#### Exercise
Repeat every entry word for word. Images do not belong in the copy.
The input Start Marker
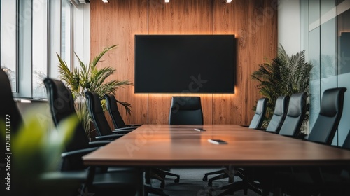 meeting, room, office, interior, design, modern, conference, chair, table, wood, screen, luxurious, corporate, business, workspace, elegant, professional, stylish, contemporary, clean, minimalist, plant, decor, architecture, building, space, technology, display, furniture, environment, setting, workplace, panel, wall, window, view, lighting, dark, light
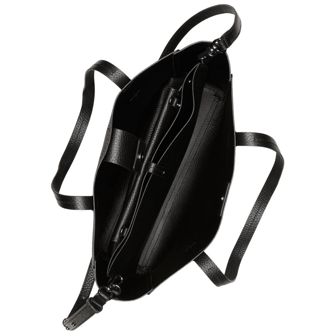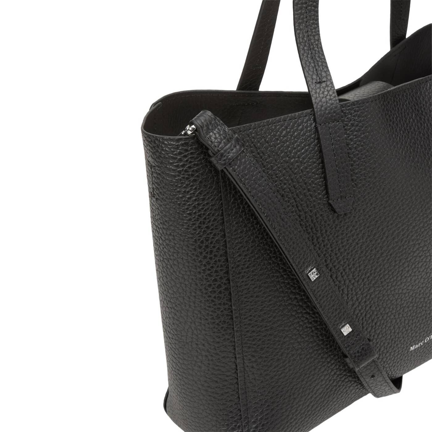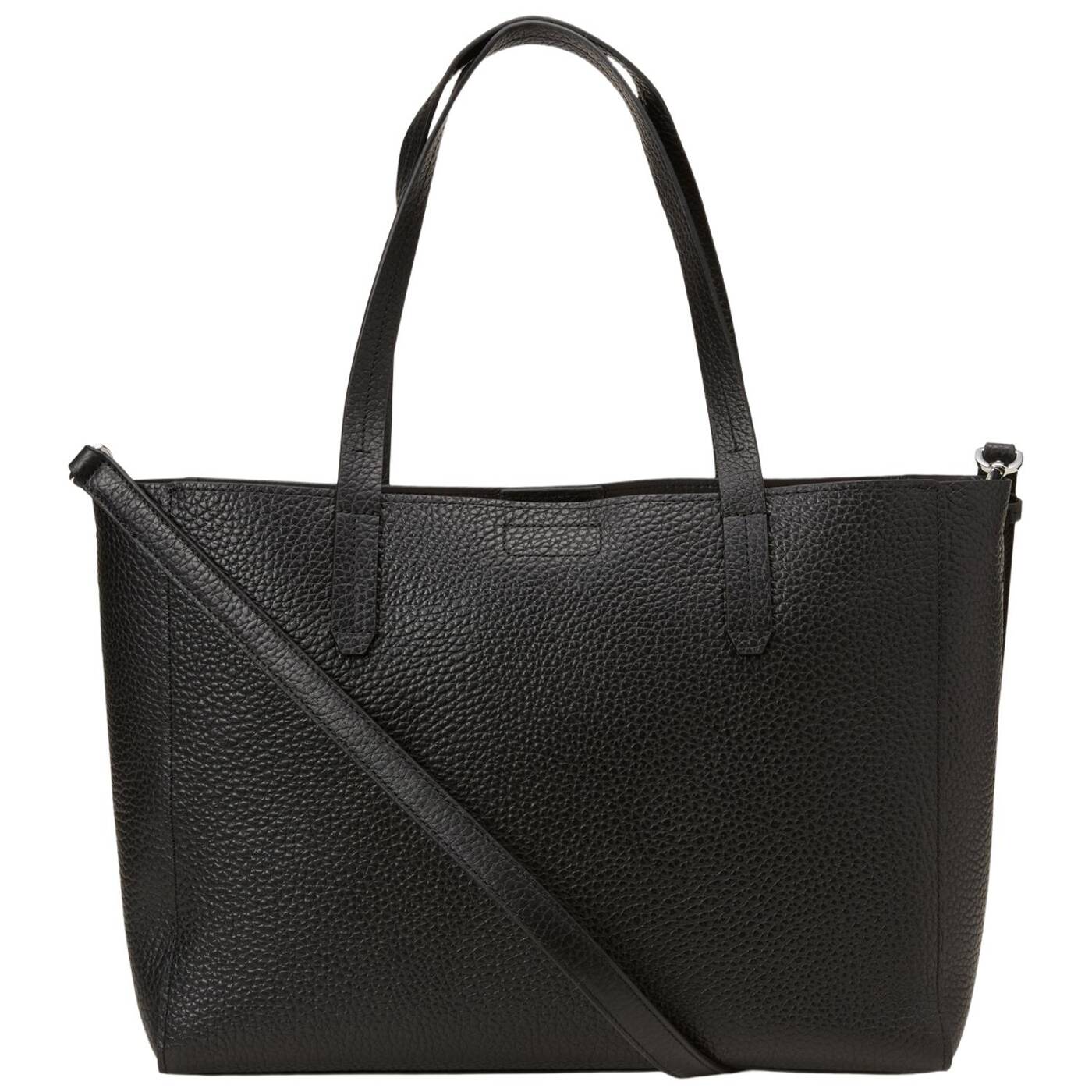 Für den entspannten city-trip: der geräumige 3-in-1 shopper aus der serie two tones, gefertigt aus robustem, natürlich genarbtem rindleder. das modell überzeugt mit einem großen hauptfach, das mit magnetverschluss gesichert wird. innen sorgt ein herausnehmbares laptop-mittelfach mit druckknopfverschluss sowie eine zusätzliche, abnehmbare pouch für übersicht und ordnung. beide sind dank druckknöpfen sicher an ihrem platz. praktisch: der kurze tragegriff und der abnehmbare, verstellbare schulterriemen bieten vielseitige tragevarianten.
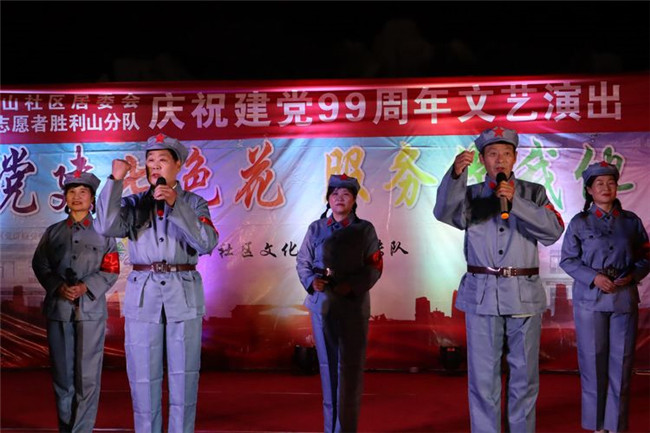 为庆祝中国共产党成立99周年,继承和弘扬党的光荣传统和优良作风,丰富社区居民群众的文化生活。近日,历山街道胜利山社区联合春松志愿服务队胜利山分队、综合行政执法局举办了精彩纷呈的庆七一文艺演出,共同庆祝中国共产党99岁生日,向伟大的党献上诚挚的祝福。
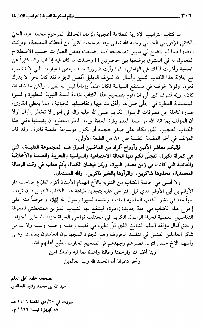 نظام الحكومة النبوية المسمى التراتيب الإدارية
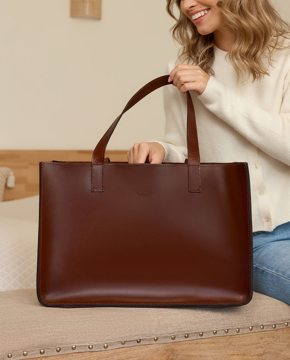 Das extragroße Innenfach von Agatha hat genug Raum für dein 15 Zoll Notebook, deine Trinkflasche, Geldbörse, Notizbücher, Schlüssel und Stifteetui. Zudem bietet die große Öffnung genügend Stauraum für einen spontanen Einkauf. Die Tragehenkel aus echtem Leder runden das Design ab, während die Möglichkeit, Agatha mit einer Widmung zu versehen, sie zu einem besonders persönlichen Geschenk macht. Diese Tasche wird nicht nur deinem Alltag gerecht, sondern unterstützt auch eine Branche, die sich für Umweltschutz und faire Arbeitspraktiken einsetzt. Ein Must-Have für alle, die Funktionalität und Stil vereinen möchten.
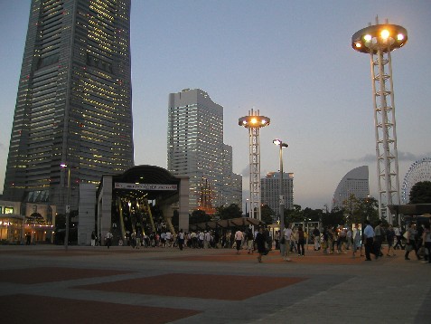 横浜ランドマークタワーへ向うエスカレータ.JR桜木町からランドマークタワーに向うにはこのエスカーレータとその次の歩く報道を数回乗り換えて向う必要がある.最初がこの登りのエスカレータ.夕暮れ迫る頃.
The input End Marker
#### Exercise solution
 meeting, room, office, interior, design, modern, conference, chair, table, wood, screen, luxurious, corporate, business, workspace, elegant, professional, stylish, contemporary, clean, minimalist, plant, decor, architecture, building, space, technology, display, furniture, environment, setting, workplace, panel, wall, window, view, lighting, dark, light
 Für den entspannten city-trip: der geräumige 3-in-1 shopper aus der serie two tones, gefertigt aus robustem, natürlich genarbtem rindleder. das modell überzeugt mit einem großen hauptfach, das mit magnetverschluss gesichert wird. innen sorgt ein herausnehmbares laptop-mittelfach mit druckknopfverschluss sowie eine zusätzliche, abnehmbare pouch für übersicht und ordnung. beide sind dank druckknöpfen sicher an ihrem platz. praktisch: der kurze tragegriff und der abnehmbare, verstellbare schulterriemen bieten vielseitige tragevarianten.
 为庆祝中国共产党成立99周年,继承和弘扬党的光荣传统和优良作风,丰富社区居民群众的文化生活。近日,历山街道胜利山社区联合春松志愿服务队胜利山分队、综合行政执法局举办了精彩纷呈的庆七一文艺演出,共同庆祝中国共产党99岁生日,向伟大的党献上诚挚的祝福。
 نظام الحكومة النبوية المسمى التراتيب الإدارية
 Das extragroße Innenfach von Agatha hat genug Raum für dein 15 Zoll Notebook, deine Trinkflasche, Geldbörse, Notizbücher, Schlüssel und Stifteetui. Zudem bietet die große Öffnung genügend Stauraum für einen spontanen Einkauf. Die Tragehenkel aus echtem Leder runden das Design ab, während die Möglichkeit, Agatha mit einer Widmung zu versehen, sie zu einem besonders persönlichen Geschenk macht. Diese Tasche wird nicht nur deinem Alltag gerecht, sondern unterstützt auch eine Branche, die sich für Umweltschutz und faire Arbeitspraktiken einsetzt. Ein Must-Have für alle, die Funktionalität und Stil vereinen möchten.
 横浜ランドマークタワーへ向うエスカレータ.JR桜木町からランドマークタワーに向うにはこのエスカーレータとその次の歩く報道を数回乗り換えて向う必要がある.最初がこの登りのエスカレータ.夕暮れ迫る頃.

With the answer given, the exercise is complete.